Active - 1930 - 1935  |   Born - Feb 9, 1865   |   Died - Apr 9, 1940   |   Genres - Drama, Romance, Language & Literature

Share on

Biography by AllMovie

Remembered today, if at all, as the villainous pawnbroker in Crime and Punishment (1935), Mrs. Patrick Campbell, or plain Mrs. Pat, breezed into Hollywood in the early '30s delivering a series of verbal bon mots such as describing a well-known star with a well-placed "She has such pretty little eyes -- and they're so close together!" Born Stella Tanner, "Mrs. Pat" took her stage name after her first husband, a captain who perished in the Boer War. By 1914, she had become the sister-in-law of the Countess of Westminster and the Princess of Pless and was at home both in their circles and at London's West End, where she had become a star as The Second Mrs. Tanqueray back in 1893. She was known foremost for her temperament and for a lifelong friendship with George Benard Shaw, who wrote Pygmalion for her.
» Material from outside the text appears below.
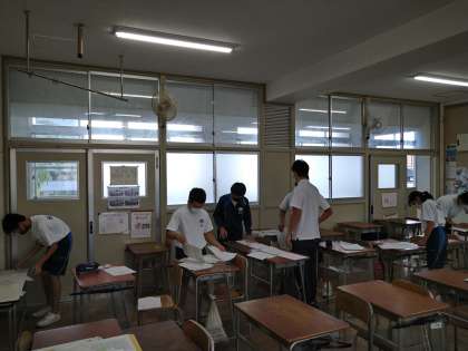 新型コロナウイルス感染症拡大防止対策として、密にならないように、自身の作業が済み次第、下校措置を講じながら準備を行いました。

Mrs. Pat's Eliza became one of the era's great tour de forces and she took Broadway by storm in 1914. But by the time she arrived in Hollywood to play dowagers in Rip Tide (1934) and One More River (1934), Mrs. Patrick Campbell was well past her prime, with such stellar vehicles as Magda and The Foolish Virgin remembered solely by a few elderly theatergoers. She played Electra on Broadway in January of 1932, a revival of her 1908 success, but it was a last hurrah. All but forgotten, the former diva died at Pau, France, allegedly because the British authorities refused entry of her pet poodle, Moonbeam.